Saturday, October 18, 2008


what we think is going to happen influences our experience of what happens. that's not even quantum physics, that's just reality. we're not influencing the actual events (or are we?), just our interpretation of those events.
I call this mindset. defines mindset as: A fixed mental attitude or disposition that predetermines a person's responses to and interpretations of situations.
by "fixed" I take it to mean that one enters a situation or experience with a particular mindset, not that one's mindset is "fixed" into position and always the same. that may be obvious to all of you, but I still felt the need to clarify it, because my discussion here is all about the fact that my mindset changes frequently.
take yesterday for example. I had a certain mindset about my ride: I was going for distance more than difficulty. I planned to ride toward the south, perhaps to sandy, perhaps to draper, along wasatch. which is relatively flat in comparison to riding up big cottonwood. of course mom nature wanted to make it a little more interesting for me, so she threw in a pretty impressive southerly wind. thus my right out was laughably difficult, and my ride back a (forgive the pun) breeze. at times. because, as mom nature loves to do to me, the winds switched direction while I was up at storm mountain and started blowing in from the north from that point on. geez.
anyway, the winds on my way out were about 20 mph (with gust up to 28), and on my way back closer to 10, so my return ride felt much easier than the way out.
about storm mountain: I had to visit a certain spot up at storm mountain, thus thought I would detour and ride the first few miles up big cottonwood on my way home. that place has some kind of pull on my heart. I don't know what it is, but each time I come down the canyon I am stunned by its sudden appearance, and enthralled to the point I can barely ride my bike. while riding up the canyon, the exposed mountain looks so radically different, and I love it, but it just doesn't grab my heart the way it does on my way down. (perhaps because my heart rate is 183 beats per second, I can't breathe, and my legs are on fire.)
but back to mindset. (you thought I'd forgotten, didn't you?)

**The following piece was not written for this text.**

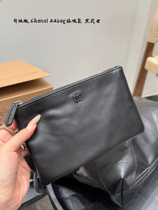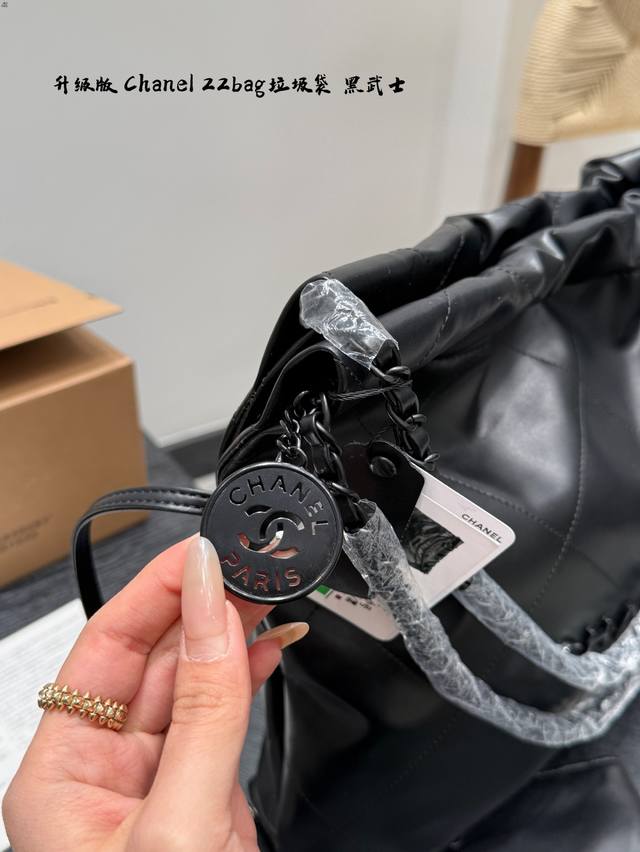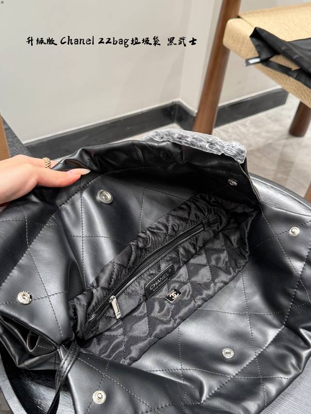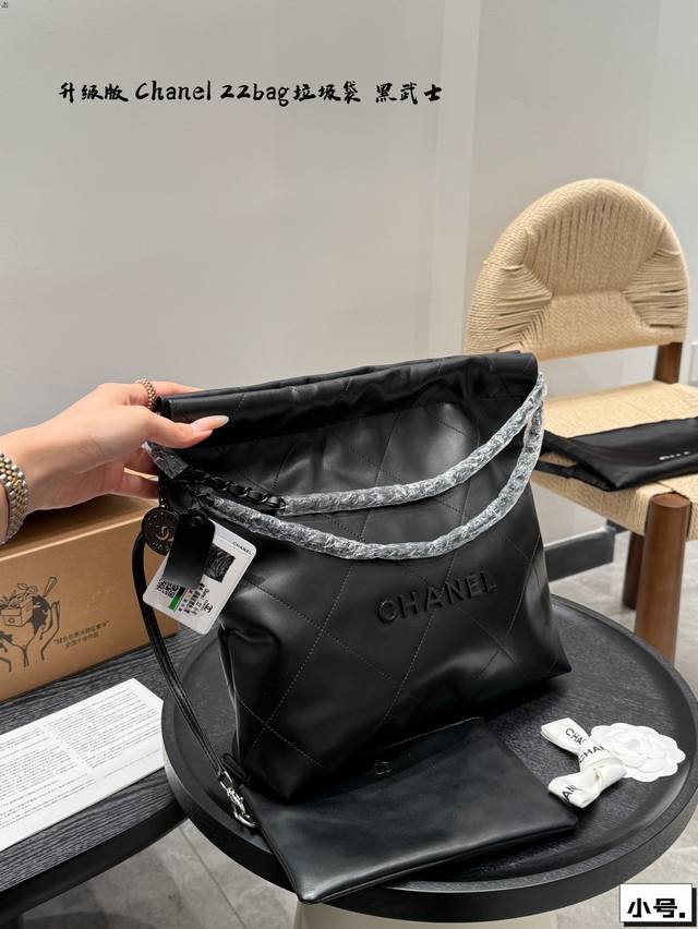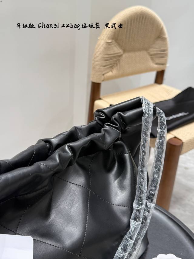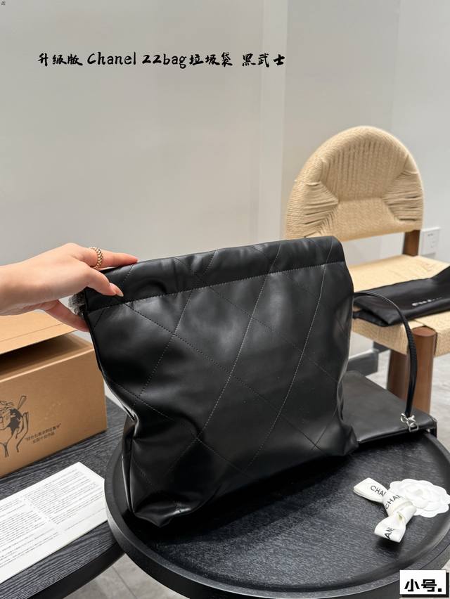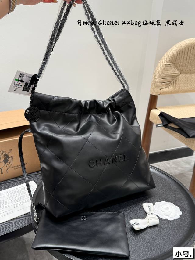 Same price for all sizes, gift box packaging. Size: 32.35 (small), 35.39 (large). Chanel 24C 22Bag trash bags. Chanel Black Knight style. Chain design adds a touch of casualness. Simple appearance with a focus on practicality, visibly spacious. A sophisticated and cool feel, both cool and sweet. Excellent capacity. Retains a relaxed feel while adding a touch of chic and neatness. I'm absolutely smitten with the 22Bag!

when I set out on a ride I generally have a fairly firm idea of where I'm going. and I set my mind on that, mentally preparing myself for whatever it may be: a recovery ride, an aggressive climb like millcreek, a long long ride, or a mild but decent climb like emigration. and I find that my mindsets are very different, depending upon what the ride should be like. key word: should.
I don't have to prepare myself too much for emigration; I have to really talk myself into millcreek. when I commit to riding up big cottonwood, I know I'm in for distance (it's 50 miles round trip) and difficulty.
and when I decide I'm just going to ride out south along wasatch, I don't expect it to be too hard. sure, there are a few hills and rises that send my heartrate soaring, but all in all, it's fairly mellow.
so yesterday, although I knew I had the storm mountain climb to accomplish, I had a mindset of "this is a pretty easy ride." in addition, I was only going to ride about 40 miles, which is significantly less than most of my weekend rides for the past four months or so.
I started out, and then quickly discovered I was fighting the wind. I was riding a good 4-6 mph slower than usual, and it was a lot more work than I wanted it to be. and by the time I reached little cottonwood road, I felt beat up. and this was less than 15 miles into my ride!
and this is when I realized so much of cycling is about mindset. during the logan to jackson ride, the first leg ~ to Preston, Idaho ~ is about 35 miles. both years I have reached preston feeling great, ready to ride the next 171 miles. because I knew that was the plan. my mindset was that I would ride 206 miles that day, and I would just do it.
it's hard for me to not analyze and compare thoughts and feelings, and that is what I found myself doing yesterday at little cottonwood road. 15 miles and I am beat up! that's not even half way to preston! what would I do if I had to ride another 191 miles?? what a wimp!
I was sure a lot stronger and tougher 6 weeks ago . . .
which is when I consoled myself with the fact that it's all about mindset. had I committed to riding 100 miles yesterday, I would have felt a lot differently at the 15-mile point. but since I knew it was only going to be a 40-miler, I allowed myself to feel beat-up and incapable of doing anything more than my plan.
I think they call this self-limiting.
I left my house knowing I was going for a relatively mild ride, and thus that's what my brain told my body to prepare for.
so it did.
and therefore, yesterday's lesson for me was this: be careful about the mindset you create for yourself. I did not think that my mindset was defeatist in any way, but I'm coming to understand that it was. it was in that it limited me, caused me to feel less capable than I am. (note: I am thinking deeply about this, and considering its application to my entire way of being.) wow. I have always thought that I possess an optimistic, realistic, positive outlook on life in general, and my participation in it. but perhaps I limit myself more than I ever realized.
in TV announcer's voice: another bit of soul-searching, wisdom-producing insight brought to you by the activity of cycling.

susan's mindset: an open, always flexing, self-adjusting, positive mental attitude or disposition that does not predetermine her responses to and interpretations of situations and experiences.